Source records →
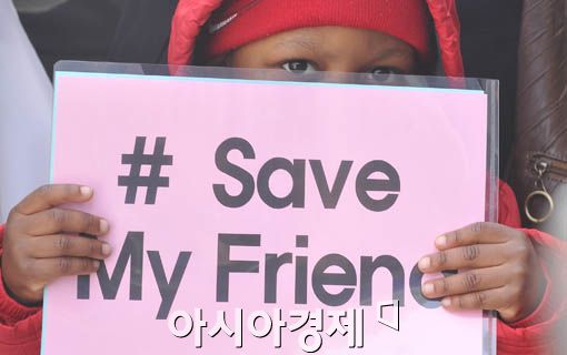 [아시아경제 양지웅 기자] 탈북자 강제북송 반대집회가 열린 26일 오후 서울 효자동 주한 중국대사관 앞에서 한 국제난민 어린이가 탈북자들을 구해달라는 구호가 담긴 손팻말을 들고 있다. 양지웅 기자 yangdoo@<ⓒ세계를 보는 창 경제를 보는 눈, 아시아경제(www.asiae.co.kr) 무단전재 배포금지>
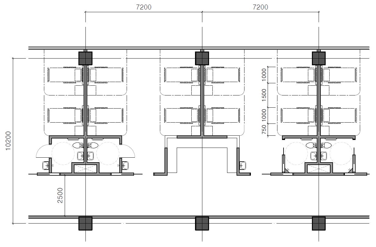 7.2m 모듈의 4인실 레이아웃 예 그런 측면에서, 2인실은 여전히 계륵입니다. 2인실은 기본적으로 프라이버시면에서는 4인실과 동일합니다. 즉 없습니다. 또한 외국의 연구사례를 보면 2인실은 환자 만족도에 있어서도 4인실보다 떨어진다고 합니다. 우리나라의 상황도 거의 비슷한데, 4인실에 비해 2인실에서 옆 환자에 대한 컴플레인이 훨씬 더 많다고 들었습니다.
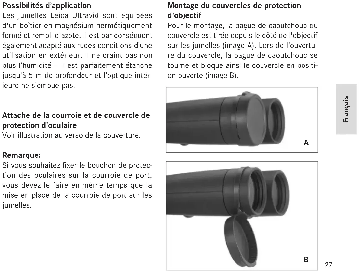 Ne jamais regarder dans les jumelles en marchant! Vous ne pourriez pas voir les obstacles!Français Possibilités d’application Les jumelles Leica Ultravid sont équipées d'un boîtier en magnésium hermétiquement fermé et rempli d'azote. Il est par conséquent également adapté aux rudes conditions d’une utilisation en extérieur. Il ne craint pas non plus l’humidité – il est parfaitement étanche jusqu’à 5 m de profondeur et l’optique intér- ieure ne s’embue pas. Attache de la courroie et de couvercle de protection d'oculaire Voir illustration au verso de la couverture. Remarque: Si vous souhaitez fixer le bouchon de protec- tion des oculaires sur la courroie de port, vous devez le faire en même temps que la mise en place de la courroie de port sur les jumelles. Montage du couvercles de protection d'objectif Pour le montage, la bague de caoutchouc du couvercle est tirée depuis le côté de l'objectif sur les jumelles (image A). Lors de l'ouvertu- re du couvercle, la bague de caoutchouc se tourne et bloque ainsi le couvercle en positi- on ouverte (image B).
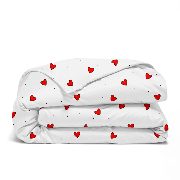 Підліткова постільна білизна з ранфорсу. Підковдра і наволочка — білого кольору з красивим малюнком з червоними сердечками. Простирадло однотонне, бежевого кольору. Матеріал з 100% органічної бавовни, м'який і приємний на дотик, забезпечить дитині комфортний сон і відпочинок.
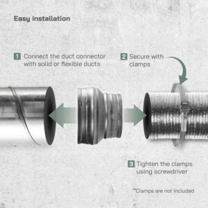 - Zur Fixierung der Verbindung empfehlen wir den Einsatz von Alu-Klebeband oder geeigneten Schlauchschellen (nicht im Lieferumfang).
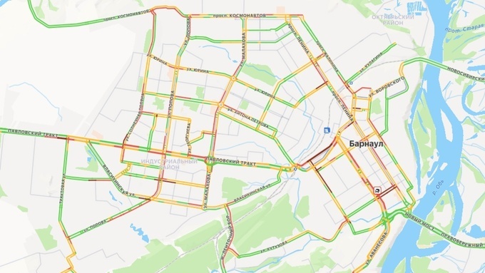 Ситуация привела к значительным затруднениям в движении по всему городу Значительные транспортные заторы парализовали дороги Барнаула в вечерний час пик 25 декабря. На основных магистралях города образовались многокилометровые очереди из автомобилей, а уровень загруженности на ряде участков достигал девяти баллов. Самая протяженная пробка растянулась от перекрестка у проспекта Строителей до проспекта Ленина. Серьезный затор также наблюдался на участке от улицы Гоголя, 38, до Красноармейского проспекта и на самом проспекте Ленина. Большая очередь машин скопилась от Иверской церкви до проспекта Строителей. Пробки образовались и на других ключевых улицах города. Барнаульцам рекомендовали избегать поездок по улицам Попова, Балтийской и Взлетной. Затор также фиксировался на Партизанской улице от дома № 176а до проспекта Ленина и на шоссе Ленточный Бор в направлении центра города. Больше материалов на amic.ru.
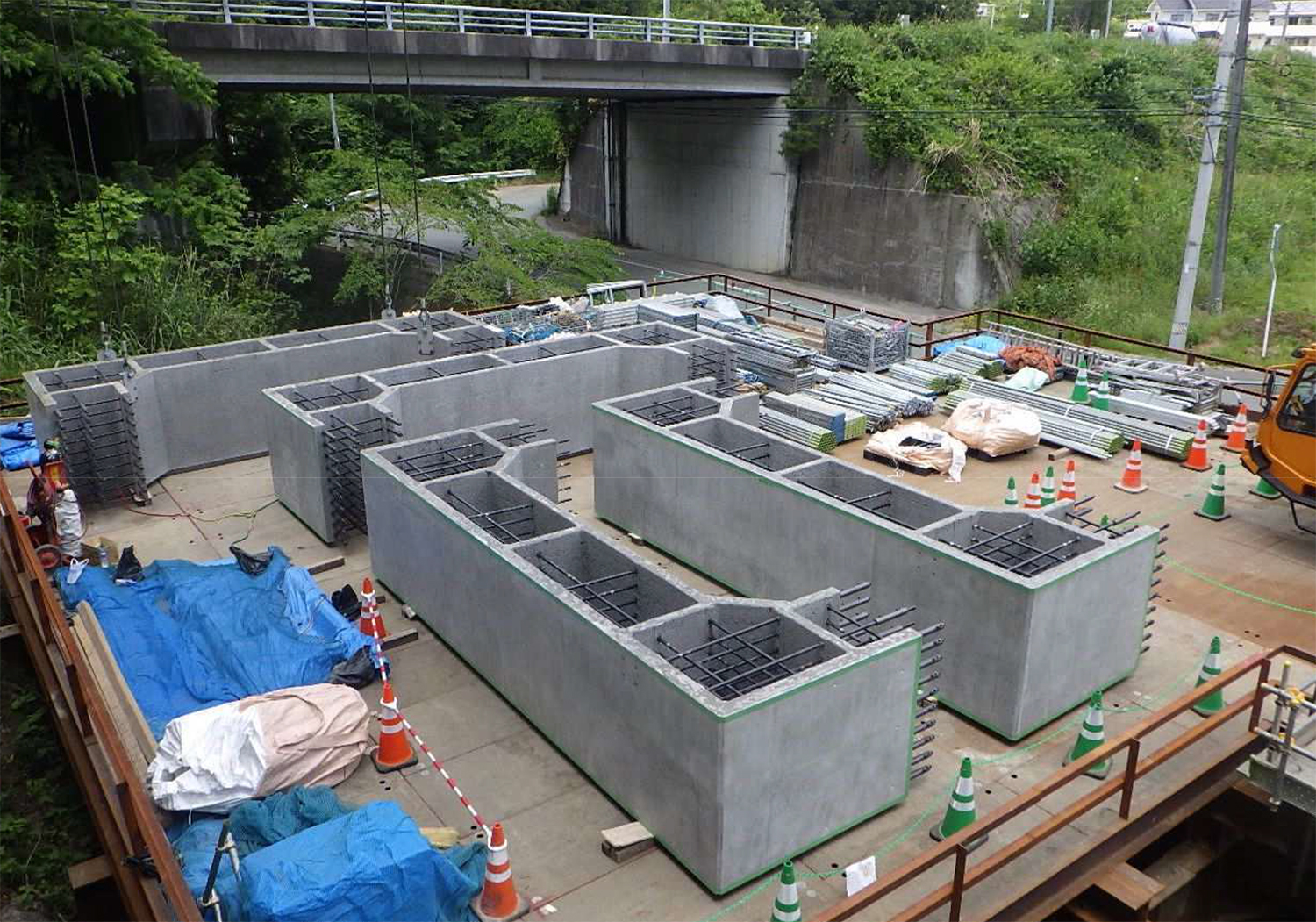 橋脚は、工場にて製作したプレキャストブロックを用いる施工方法を採用する予定だ。コの字形状タイプのプレキャストブロック(P8~P10橋脚は厚み1,500mm、P11橋脚は同1,000mm)を1段に2つ配置していく手法を採った。1リフトあたり最大4段6m積み上げ、プレキャストブロック内部にコンクリートを打設していく。また、プレキャストブロックは薄肉部材であり、現場におけるコンクリート打設時の温度応力などに対応するため、鋼繊維や収縮低減材を添加した配合として、ひび割れ抵抗性の向上を図っていく。P8~10橋脚のプレキャストブロックは形状を統一して同じ製作型枠を転用して製作する計画だ。P11橋脚は断面形状が違うため、別途製作型枠が必要となり、さらに低い橋脚でもあることから製作費が割高となる。そのため、P11橋脚のプレキャストブロック製作を先行して、使用した製作型枠をうまく加工してP8~P10橋脚で使うことにより製作費を抑える計画だ。
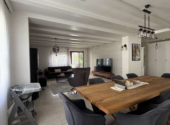Zum 01.04.2026 steht dieser gepflegte, einstöckige Bungalow mit hochwertiger Innenausstattung zum Verkauf. Auf ca. 151 m² Wohnfläche erwarten Sie fünf helle Zimmer, zwei moderne Badezimmer sowie ein separates Gäste-WC. Ein Marmorboden verleiht dem Erdgeschoss ein elegantes Ambiente.
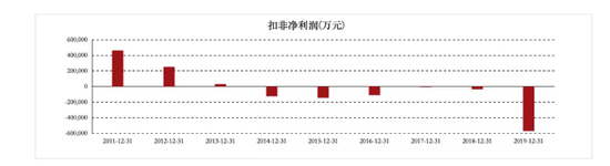 从扣非净利润看,苏宁易购2014年-2019年的利润一直为负,分别为-12.52亿元、-14.65亿元、-11.08亿元、-0.88亿元、-3.59亿元、-57.1亿元。2019年,扣非净利润也是近年来亏损最多的一年。
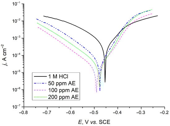 Polarization plots for carbon steel after 24 h of immersion in inhibitor-free solution (1 M HCl) and 1 M HCl solution containing 50, 100 or 200 ppm of AE (aronia pomace extract). The data are expressed as mean values of three parallel measurements (n = 3).
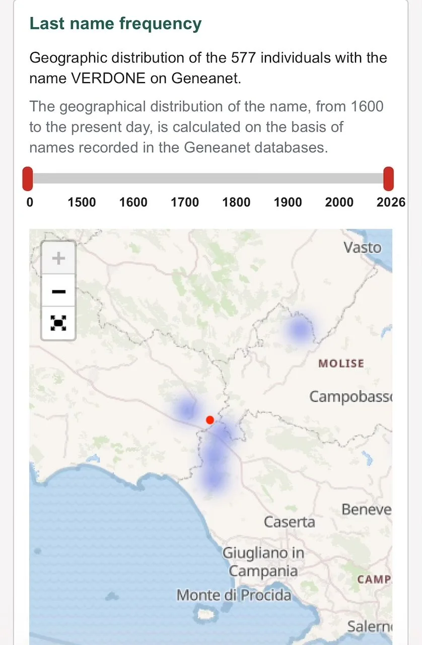 From the town hall they learned Verdone was not a surname directly connected with San Vittore. The red dot shows San Vittore with surrounding clusters of the surname Verdone. From this it seems likely Angelo Verdone was a neighbor to Elvira Bonaventura, who lived in San Vittore del Lazio.

Exercise objective → Output should consist of the lines above from the one with "从扣非净利润看,苏宁易购20" down to the one with "Polarization plots for", exact and without pictures.

Output →
 从扣非净利润看,苏宁易购2014年-2019年的利润一直为负,分别为-12.52亿元、-14.65亿元、-11.08亿元、-0.88亿元、-3.59亿元、-57.1亿元。2019年,扣非净利润也是近年来亏损最多的一年。
 Polarization plots for carbon steel after 24 h of immersion in inhibitor-free solution (1 M HCl) and 1 M HCl solution containing 50, 100 or 200 ppm of AE (aronia pomace extract). The data are expressed as mean values of three parallel measurements (n = 3).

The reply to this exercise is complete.